Gonzalez v. Scalinatella, Inc.

112 F. Supp. 3d 5, 2015 U.S. Dist. LEXIS 78620, 2015 WL 3757069
CourtDistrict Court, S.D. New York
DecidedJune 12, 2015
DocketNo. 13cv3629 (PKC)(MHD)
StatusPublished
Cited by60 cases

This text of 112 F. Supp. 3d 5 (Gonzalez v. Scalinatella, Inc.) is published on Counsel Stack Legal Research, covering District Court, S.D. New York primary law. Counsel Stack provides free access to over 12 million legal documents including statutes, case law, regulations, and constitutions.

Bluebook
Gonzalez v. Scalinatella, Inc., 112 F. Supp. 3d 5, 2015 U.S. Dist. LEXIS 78620, 2015 WL 3757069 (S.D.N.Y. 2015).

Opinion

MEMORANDUM & ORDER

MICHAEL H. DOLINGER, United States Magistrate Judge.

Plaintiff Ezequiel Gonzalez commenced this lawsuit under the Fair Labor Standards Act (“FLSA”), 29 U.S.C. § 201 et seq., and the New York Labor Law (“NYLL”), alleging, inter alia, underpayment of wages and illegal tip retention. By letter dated November 24, 2014, the parties informed the District Court that they had successfully negotiated a settlement of plaintiffs claims and were attempting to come to an agreement on plaintiffs attorneys’ fees. Failing to do so, plaintiff has moved for an award of fees. For the reasons that follow, plaintiffs application is granted in part and denied in part.

PROCEDURAL BACKGROUND

On May 30, 2013, plaintiff filed a complaint “on behalf of himself and others similarly situated” against defendants Scalinatella, Inc., doing business as Scali-natella Ristorante, and related principals [9]*9Alfio Ruocoo and Luigi Russo. (Compl. p. 1 & ¶¶ 5-6). Plaintiff alleged, inter alia, that defendants had violated the FLSA by refusing to pay the minimum wage and overtime compensation and failing to properly apprise the employees of their rights, and had violated the NYLL by refusing to pay overtime compensation and failing to provide various notices required under state law. (Id. at ¶¶ 41-45, 51-56).

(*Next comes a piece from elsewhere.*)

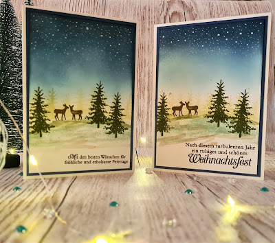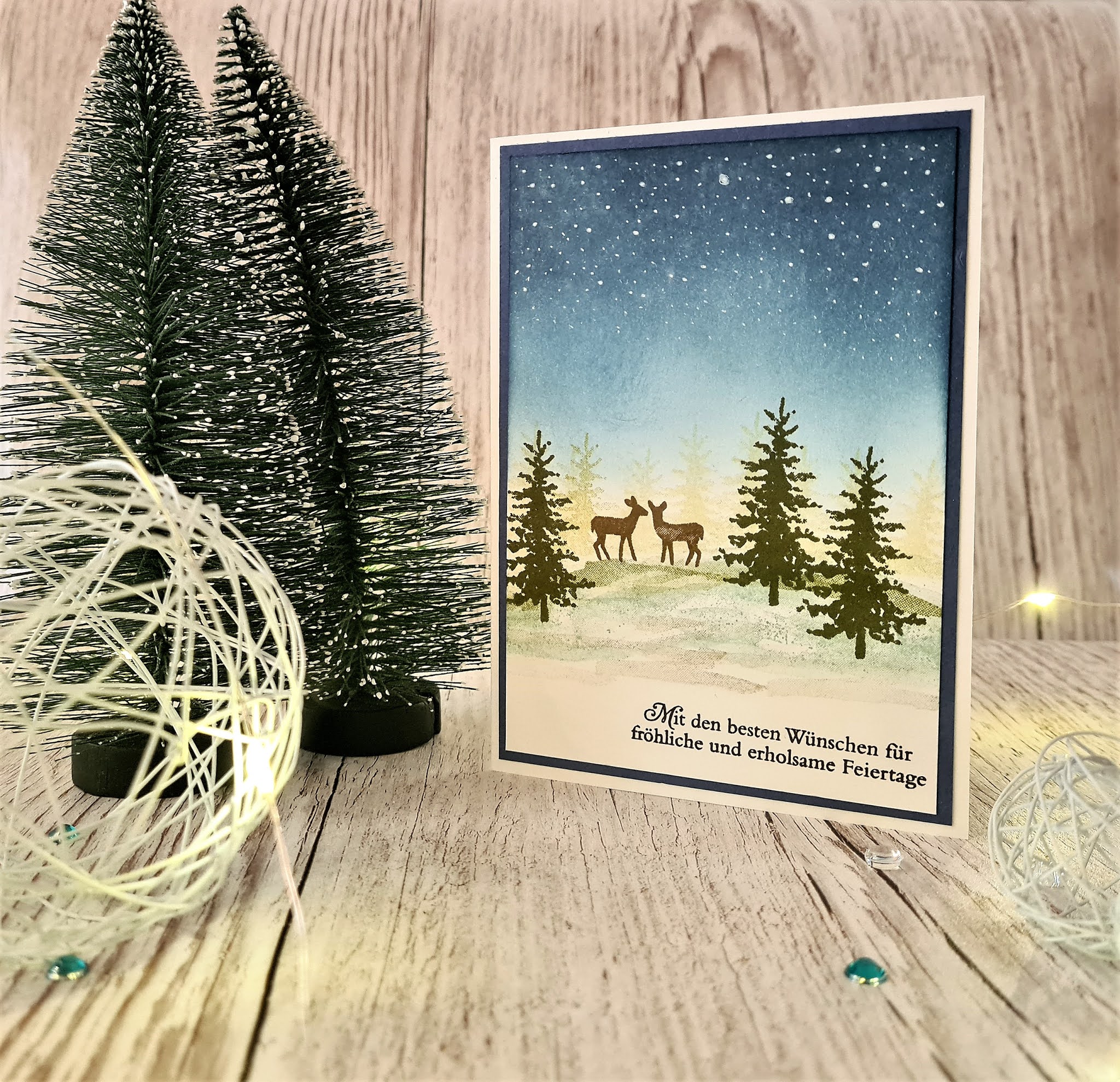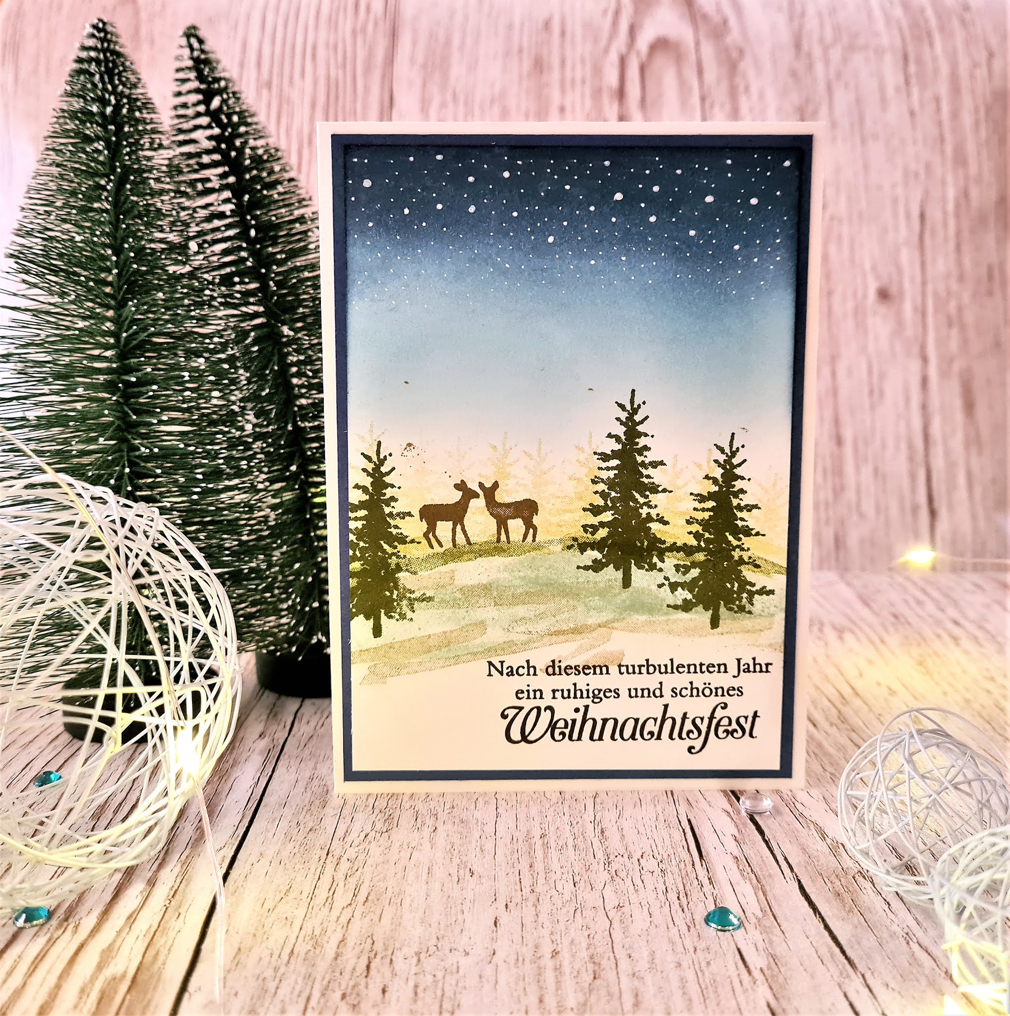 Ich habe mich bei dieser Karte für das Stempelset „Snow Front“ in Kombination mit dem Stempelset „Tannen und Karos“ entschieden.

On October 3, 2013, plaintiff moved for conditional certification of the lawsuit as a representative collective action under the FLSA “on behalf of all tipped employees, including waiters, runners, busboys, and bartenders employed by defendants within the last six years.” (Memorandum & Order dated November 22, 2013 [docket no. 35]; see also Pl.’s Mot. to Conditionally Certify Class [docket nos. 17-19]). On November 22, 2013, Judge Castel granted that application and ordered defendants to produce names and contact information for the relevant pool of tipped employees (Memorandum & Order dated November 22, 2013), and, on December 9, 2013, the court approved the proposed notice and opt-in form. (See Endorsed order dated December 9, 2013 [docket no. 40]). No additional plaintiffs joined the suit.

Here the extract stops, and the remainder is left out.